Syahdan, secara khusus, data penduduk bekerja dari lulusan universitas juga menurun dari angka 9,69% pada Agustus 2019 menjadi 9,63% pada Agustus 2020.
Hal tersebut sejatinya cukup bertolak belakang dengan fakta bahwa saban tahunnya setiap kampus mewisudakan banyak sarjana. Malahan, ada yang 2 kali wisuda per tahun. Jadi, bagaimana nasib sarjana?
Mau bagaimana lagi, sebuah proses bernama "nganggur" harus dilalui oleh para sarjana, termasuklah di dalamnya sarjana lulusan pendidikan.
Bagi mereka yang sedari awal sudah kuliah sambil kerja, maka tiada kegalauan yang berarti. Begitu pula dengan sarjana fresh graduate lain yang punya usaha rumahan, melanjutkan bisnis keluarga. Mereka juga relatif tidak terlalu terbebani dengan fenomena pengangguran.

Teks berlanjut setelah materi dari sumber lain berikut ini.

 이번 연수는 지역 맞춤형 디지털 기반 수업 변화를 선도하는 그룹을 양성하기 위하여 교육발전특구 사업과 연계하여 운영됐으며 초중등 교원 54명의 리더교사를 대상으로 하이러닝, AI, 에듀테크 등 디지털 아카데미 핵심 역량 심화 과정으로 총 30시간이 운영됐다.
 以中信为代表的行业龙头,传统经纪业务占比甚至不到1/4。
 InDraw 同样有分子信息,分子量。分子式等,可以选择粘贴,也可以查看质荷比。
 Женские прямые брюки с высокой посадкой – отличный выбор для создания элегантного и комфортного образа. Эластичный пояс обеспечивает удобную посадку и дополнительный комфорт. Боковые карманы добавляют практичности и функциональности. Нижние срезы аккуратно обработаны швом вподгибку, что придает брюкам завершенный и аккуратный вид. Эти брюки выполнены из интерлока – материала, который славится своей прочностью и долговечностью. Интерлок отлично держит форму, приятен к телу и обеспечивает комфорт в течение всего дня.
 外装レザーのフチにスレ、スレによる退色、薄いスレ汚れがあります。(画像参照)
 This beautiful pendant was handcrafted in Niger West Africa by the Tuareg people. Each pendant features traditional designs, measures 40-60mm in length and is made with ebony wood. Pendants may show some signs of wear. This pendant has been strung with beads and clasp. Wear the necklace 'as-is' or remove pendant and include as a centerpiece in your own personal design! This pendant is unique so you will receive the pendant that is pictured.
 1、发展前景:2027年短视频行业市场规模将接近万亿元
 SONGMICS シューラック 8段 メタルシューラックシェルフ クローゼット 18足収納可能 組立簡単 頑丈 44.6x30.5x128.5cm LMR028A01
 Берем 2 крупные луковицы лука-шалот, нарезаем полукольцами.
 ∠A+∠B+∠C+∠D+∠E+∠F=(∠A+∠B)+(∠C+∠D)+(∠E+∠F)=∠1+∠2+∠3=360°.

Berbeda halnya dengan para sarjana pendidikan yang kemarin baru lulus lalu kemudian masih meraba-raba cari kerja.Â
Tiga bulan pertama, barangkali kekhawatiran akan posisi nganggur belum bertamu.

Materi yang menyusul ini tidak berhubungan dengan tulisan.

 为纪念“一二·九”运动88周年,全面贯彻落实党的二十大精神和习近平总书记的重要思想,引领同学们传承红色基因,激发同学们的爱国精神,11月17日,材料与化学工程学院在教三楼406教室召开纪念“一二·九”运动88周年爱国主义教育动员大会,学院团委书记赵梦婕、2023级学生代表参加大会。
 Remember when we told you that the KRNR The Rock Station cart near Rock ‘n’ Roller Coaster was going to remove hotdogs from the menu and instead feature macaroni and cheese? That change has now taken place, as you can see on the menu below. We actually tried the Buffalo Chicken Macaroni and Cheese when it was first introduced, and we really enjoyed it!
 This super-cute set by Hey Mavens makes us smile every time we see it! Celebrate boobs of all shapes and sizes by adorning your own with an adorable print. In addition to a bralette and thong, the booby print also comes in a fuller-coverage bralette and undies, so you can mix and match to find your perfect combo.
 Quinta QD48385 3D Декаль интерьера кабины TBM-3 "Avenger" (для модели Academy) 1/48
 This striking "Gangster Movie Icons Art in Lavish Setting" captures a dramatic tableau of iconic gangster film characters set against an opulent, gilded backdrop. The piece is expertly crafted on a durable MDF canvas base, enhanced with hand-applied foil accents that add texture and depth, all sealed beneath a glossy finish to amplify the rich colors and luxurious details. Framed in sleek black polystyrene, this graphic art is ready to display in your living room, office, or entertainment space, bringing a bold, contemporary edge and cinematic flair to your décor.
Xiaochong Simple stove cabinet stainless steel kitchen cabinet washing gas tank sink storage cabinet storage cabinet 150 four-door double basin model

Begitu pula dengan emak di rumah. Emak bisa saja ngeles dengan bercerita bahwa anaknya yang baru saja lulus sarjana sedang menunggu penerbitan ijazah. Dan barangkali, sang sarjananya juga demikian. Mereka masih menikmati euforia wisuda dan foto-foto skripsi yang terpajang rapi di perpustakaan.
Tapi ketika ijazah sudah didapat, legalisir tranksrip nilai rangkap 10 sudah dipegang, petualangan pun dimulai dan masing-masing diri pula terpaksa harus betah dengan posisi pengangguran.
Nyatanya takdir tiap sarjana pendidikan beda-beda. Ada sarjana yang baru menganggur 1 bulan tapi esoknya langsung diterima kerja, ada yang berbulan-bulan, bahkan tidak jarang pula yang banting setir seraya serong kanan mencoba usaha berjualan.
Aku pula demikian. Aku lulus dan mendapat ijazah sarjana pendidikan pada September 2016, sedangkan pekerjaan pertama kudapatkan pada Januari 2017. Di Curup, di kotaku tak ada satu pun lowongan waktu itu hingga akhirnya aku memilih untuk merantau ke Perawang (Riau).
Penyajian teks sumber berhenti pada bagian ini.